Abstract
Objectives
To evaluate the sonographic features of secondary involvement of skin and subcutaneous tissues by hematologic malignancies.
Methods
A review of the ultrasound and pathology databases yielded 10 cases with 13 skin and subcutaneous tissue lesions secondary to hematologic neoplasms, which were confirmed by pathology. We used ultrasound to assess the number, location, size, depth of involvement, echogenicity, and vascularity of the lesions.
Results
The study involved five male and five female patients, including four leukemia, two multiple myeloma, and four lymphoma patients. The average age was 45 years (17–66 years). Three patients presented with one lesion, four with two lesions, and three with more than two lesions. All the lesions were located in the trunk and extremities. The lesions ranged from 1.2 to 8.3 cm in size. A total of 10 lesions involved subcutaneous fat tissue. A total of 10 lesions displayed hypoechoic foci within a hyperechoic background, and three appeared hypoechoic, and most of them exhibited abundant vascularity (12 of 13 lesions).
Conclusions
Secondary involvement of skin and subcutaneous tissues by hematologic malignancies often present with multiple palpable masses showing the following ultrasound features: (1) subcutaneous fat infiltration, (2) hypoechoic foci with a hyperechoic background, and (3) abundant vascularity.

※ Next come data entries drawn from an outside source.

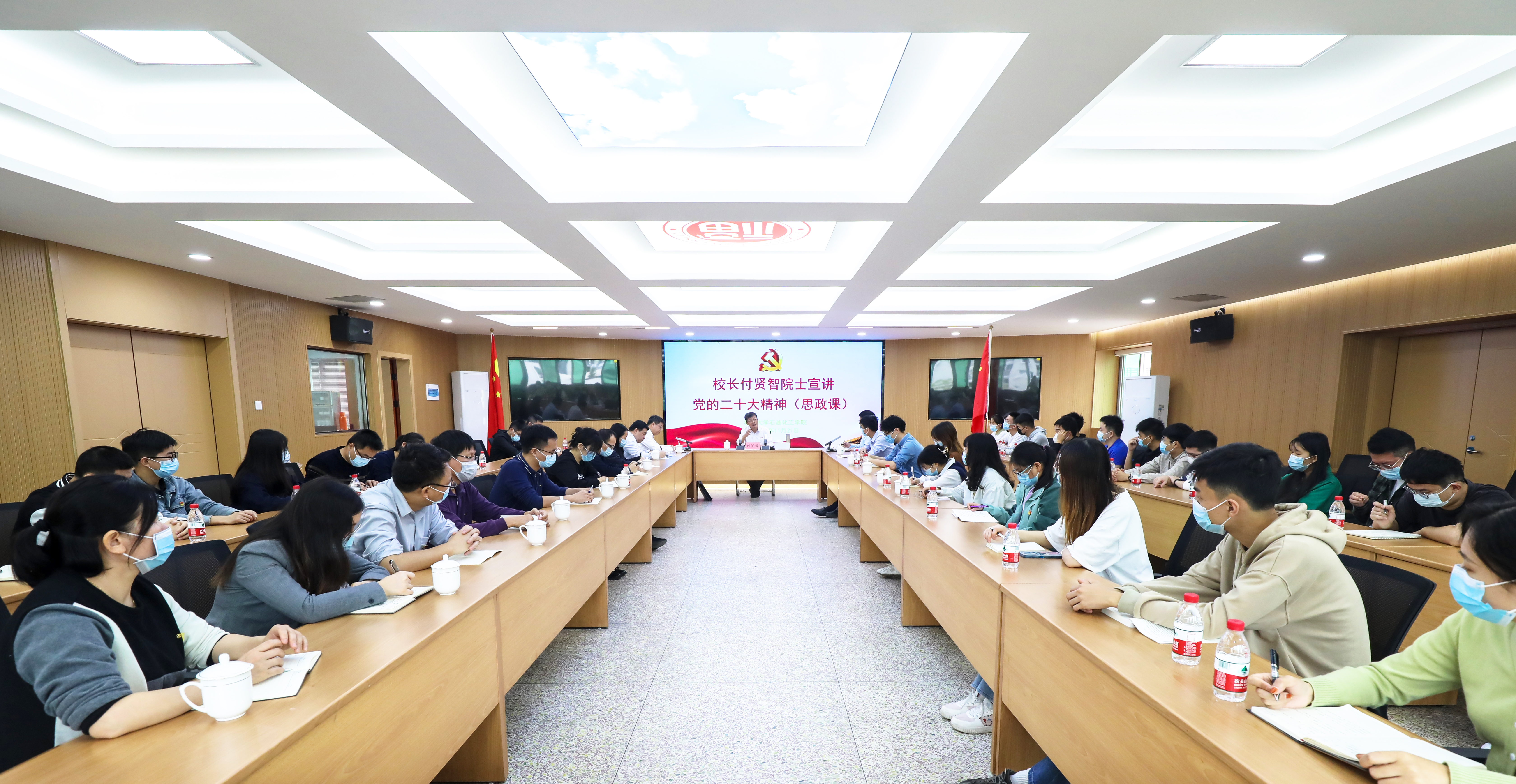 怡山校区化肥催化剂国家工程研究中心为催化中心研究生上党课(思政课),宣讲党的二十大精神。付贤智校长在课上与现场师生共同研读了党的二十大报告的主要内容,重点阐述了党的二十大报告中关于教育、人才、科技的重要论述,并从高校教育科技工作者的角度与师生们分享了自己关于党的二十大精神的学习体会。报告会由学院党委书记施卫华主持,学院院长江莉龙、副院长侯琳熙、校党政办公室副主任陈伟斌和化肥催化剂国家工程研究中心师生参加了报告会。
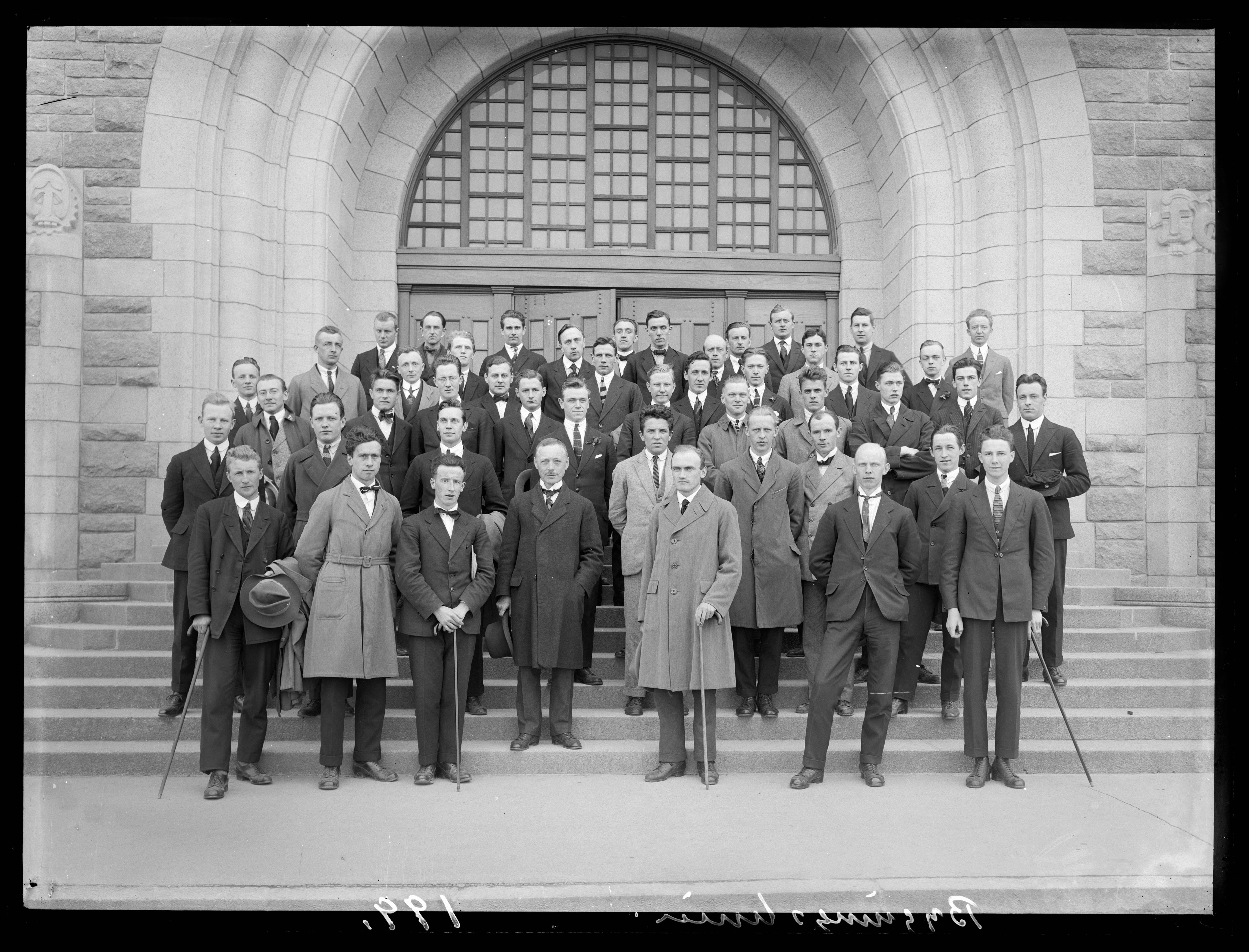 Professor Richard Birkeland på første rekke, nr. 4 fra venstre, med hatt i høyre hånd. Bildet er tatt på trappa foran Hovedbygningen på NTH, Gløshaugen.
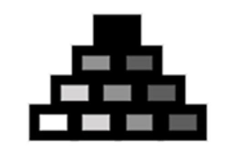 The mark consists of a pyramid of blocks with 4 on the base and 1 on the top.
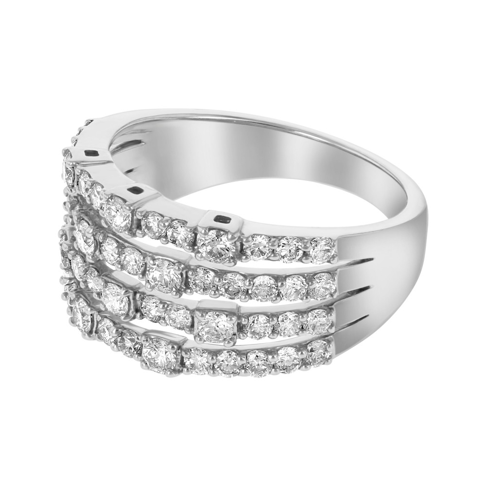 14K white gold multi row fashion ring set with 1.35 carat round brilliant diamonds and high polish finish.
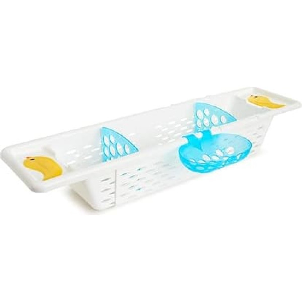 Toys and bath utensils are tidy and within easy reach Xtra Grip material ensures that the tray rests securely on the rim Includes 2 customizable dividers and 1 soap dish with washcloth hook Draining holes allow quick drying and prevent mould from forming on items Can be placed on the edge of the bath so that the tap does not pose a danger to your baby › See more product details; Product description Product Description Do you feel that your bath has been taken by your baby's bath toys? With the Quack bath caddy, you always have bath essentials within reach and put an end to the clutter. This practical shelf extends across the tub and is particularly stable thanks to the Xtra Grip material. In the tray, toys can be stored at the height of the child, so that they can take out what they want, and at the end of the bath can even help clean up. Movable dividers allow you to adjust the compartments according to your needs for toys and shampoo. And as (large!) Bonus you can position the tray between your little one and the faucet to avoid bumps or burns. When the bath fun is over, simply slide the tray to the end of the tub so that it doesn't get in the way when showering. Multiple holes allow everything to dry quickly and prevent mould formation. Safety and order: just what you need for a smooth bath. Directions Use the Xtra Grip handles to secure caddy to tub rail, customize bathroom organization with the dividers and soap dish. Box Contains 1 x Rutschsichere Badewannenablage See more; Product description Product Description Do you feel that your bath has been taken by your baby's bath toys? With the Quack bath caddy, you always have bath essentials within reach and put an end to the clutter. This practical shelf extends across the tub and is particularly stable thanks to the Xtra Grip material. In the tray, toys can be stored at the height of the child, so that they can take out what they want, and at the end of the bath can even help clean up. Movable dividers allow you to adjust the compartments according to your needs for toys and shampoo. And as (large!) Bonus you can position the tray between your little one and the faucet to avoid bumps or burns. When the bath fun is over, simply slide the tray to the end of the tub so that it doesn't get in the way when showering. Multiple holes allow everything to dry quickly and prevent mould formation. Safety and order: just what you need for a smooth bath. Directions Use the Xtra Grip handles to secure caddy to tub rail, customize bathroom organization with the dividers and soap dish. Box Contains 1 x Rutschsichere Badewannenablage See more; Product Description Do you feel that your bath has been taken by your baby's bath toys? With the Quack bath caddy, you always have bath essentials within reach and put an end to the clutter. This practical shelf extends across the tub and is particularly stable thanks to the Xtra Grip material. In the tray, toys can be stored at the height of the child, so that they can take out what they want, and at the end of the bath can even help clean up. Movable dividers allow you to adjust the compartments according to your needs for toys and shampoo. And as (large!) Bonus you can position the tray between your little one and the faucet to avoid bumps or burns. When the bath fun is over, simply slide the tray to the end of the tub so that it doesn't get in the way when showering. Multiple holes allow everything to dry quickly and prevent mould formation. Safety and order: just what you need for a smooth bath. Directions Use the Xtra Grip handles to secure caddy to tub rail, customize bathroom organization with the dividers and soap dish. Box Contains 1 x Rutschsichere Badewannenablage See more
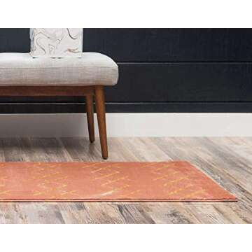 Show moreIntroducing the Unique Loom Marilyn Monroe Glam Collection Textured Geometric Trellis Coral Gold Runner Rug, a stunning blend of style and function designed to elevate the aesthetic of any room. Measuring at 2' 0 x 10' 0 (65x305 cm) and featuring an intricate geometric trellis design, this exquisite runner rug is beautifully crafted with a rich heatset polypropylene and metallic polyester pile. Its vibrant coral and gold color palette brings warmth and luxury to your home decor. The durable machine-made weave ensures longevity while making it perfect for high-traffic areas, providing an elegant touch without compromising on quality. Made in Turkey, this rug embodies a fusion of sophistication and practicality.
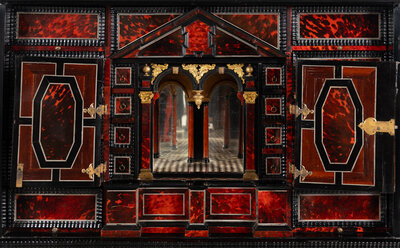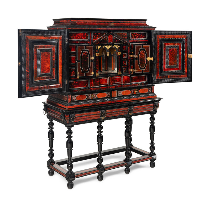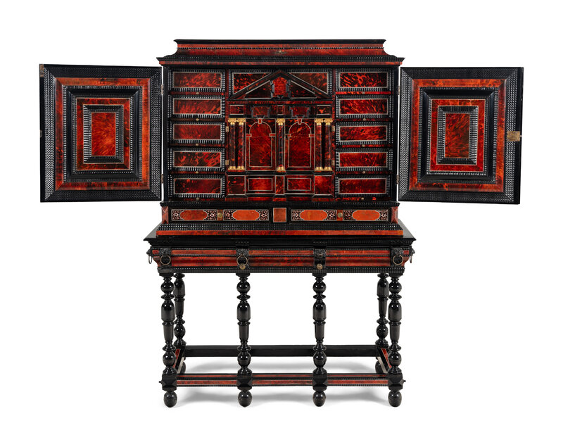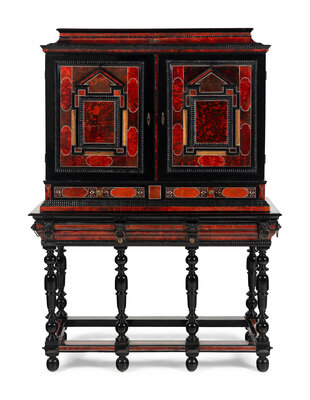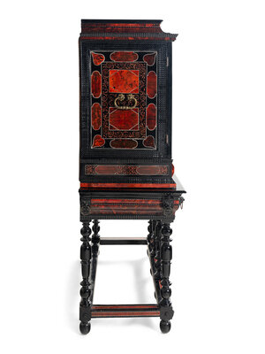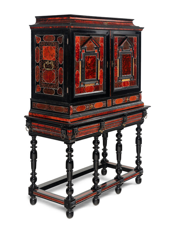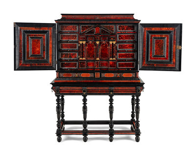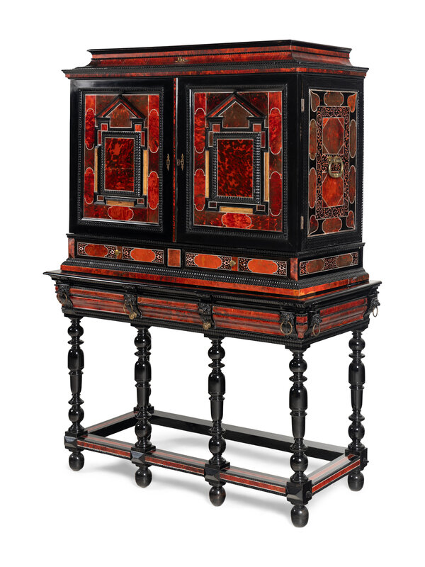 A Flemish Red Tortoise Shell, Kingwood and Ebony Cabinet on Stand
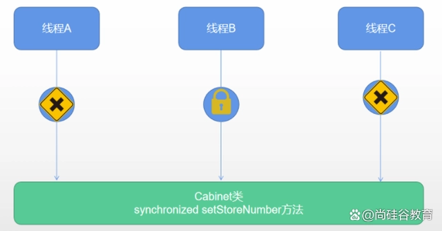 如上图所示,线程A,线程B,线程C同时调用Cabinet类的setStoreNumber方法,线程B获得了锁,所以线程B可以执行setStore的方法,线程A和线程C只能等待。
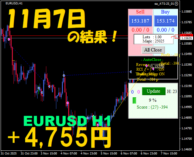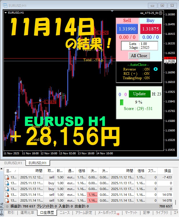 【前日の結果】EURUSD H1 / M5 『ATS-25』11月14日
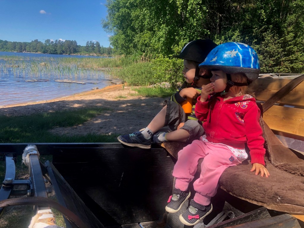 Även under söndagen blev det en runda med ponnyvagnen, denna gången via sjön där vi tog ett kort stop. Åt några vindruvor och kikade ut över det glittrande vattnet innan vi åkte vidare. Vi tar det ju väldigt lugnt med Assim ännu, så det blir mest skritt. Men mysigt nog!
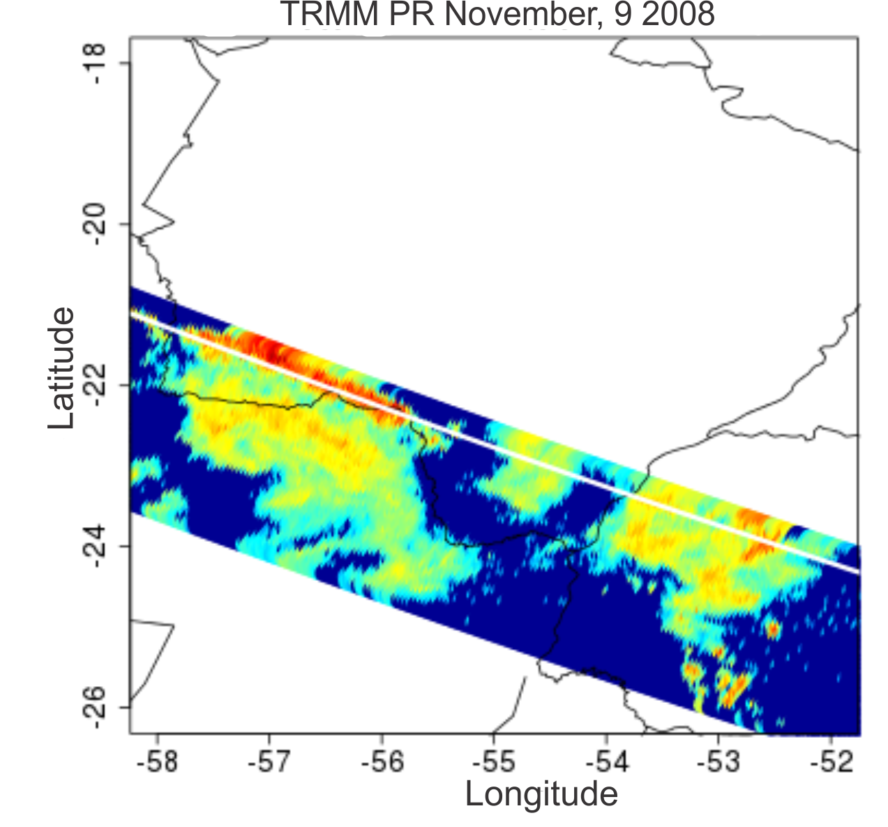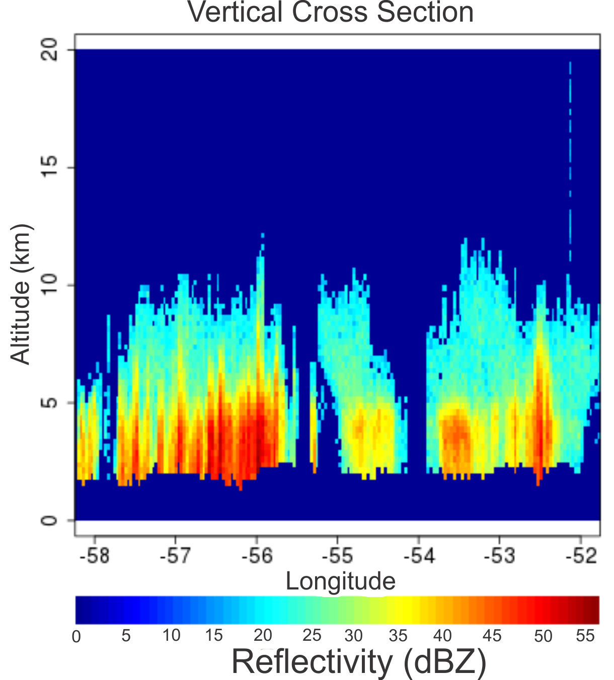 Através dos dados do PR (Precipitation Radar), a bordo do satélite TRMM, é possível analisar a refletividade (designada pela letra Z) que representa a quantidade de energia retro-espalhada pelo alvo e novamente detectada pelo radar. Abrange uma ampla taxa de sinais. Os valores dBZ (decibéis de Z) aumentam a medida que o sinal recebido pelo radar aumenta.
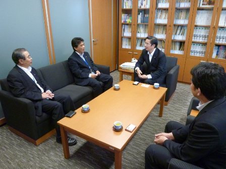 香川県宇多津町 谷川町長・青木議長(公明党町議)等が事務所に来訪。宇多津町の町政の状況などお聞きする。
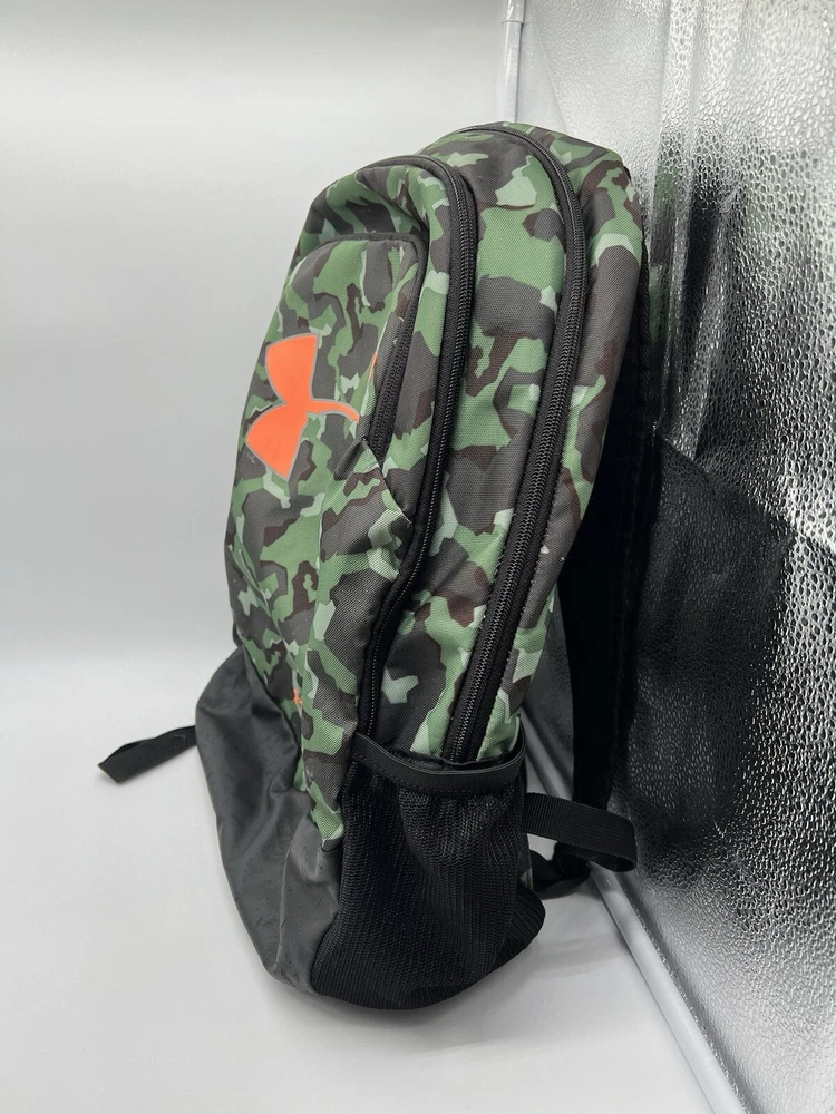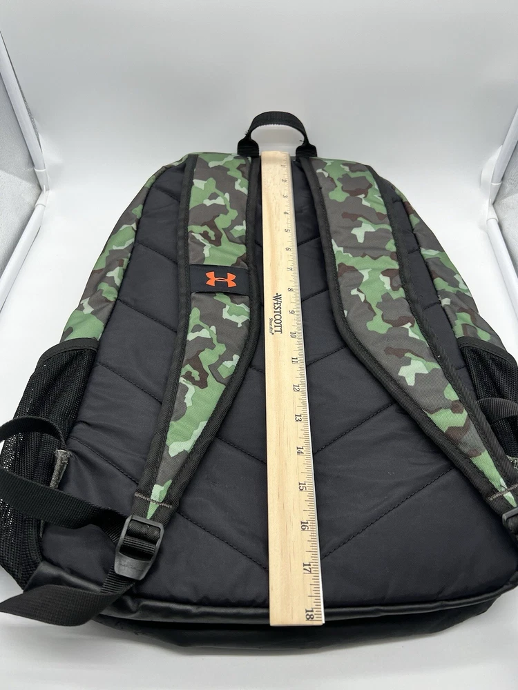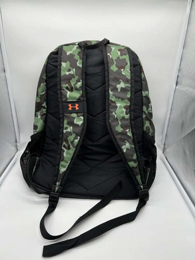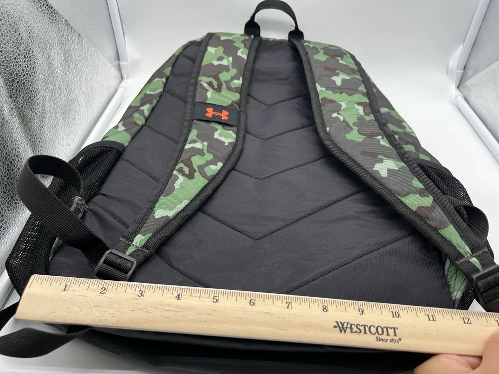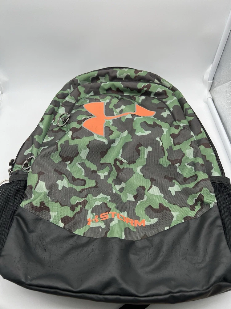 Under Armour UA Backpack Storm Green Camo Laptop Sleeve Organizer Used, Poor Condition. Logo missing part and dirty spots same like pictures showed. Item: N26(7)

Keywords: hematologic neoplasms, soft tissue, ultrasound
Skin and subcutaneous soft tissues involved in hematologic neoplasms often present with multiple palpable masses showing the following imaging features: (1) subcutaneous fat infiltration, (2) hypoechoic foci with a hyperechoic background, and (3) abundant vascularity.
1. INTRODUCTION
Hematologic neoplasms are tumors in the blood and blood‐forming tissue (the bone marrow and lymphatic tissue), including leukemia, lymphoma, and multiple myeloma, accounting for about 9% of all neoplasms. 1 Hematologic neoplasms can involve the skin as a site of secondary involvement. Cutaneous manifestations of hematologic neoplasms can be divided into specific and non‐specific. 2 Specific cutaneous manifestations, infiltrated with malignant hematopoietic cells in the skin, and subcutis, are detected in 15.1% of cases. 3 Non‐specific cutaneous manifestations include paraneoplastic syndromes, drug reactions, opportunistic infections, and other conditions related to myelosuppression. Specific cutaneous infiltration in patients with hematologic neoplasms suggests a poor prognosis. 3 The reported median survival time for patients with cutaneous involvement varied from 4.5 to 12.0 months among the published series. 4 , 5 , 6 The mortality rate in patients with specific cutaneous manifestations was 18.2%, compared to 4.1% in patients without these lesions. 3 Therefore, specific cutaneous manifestations are crucial indications in determining disease staging and prognosis.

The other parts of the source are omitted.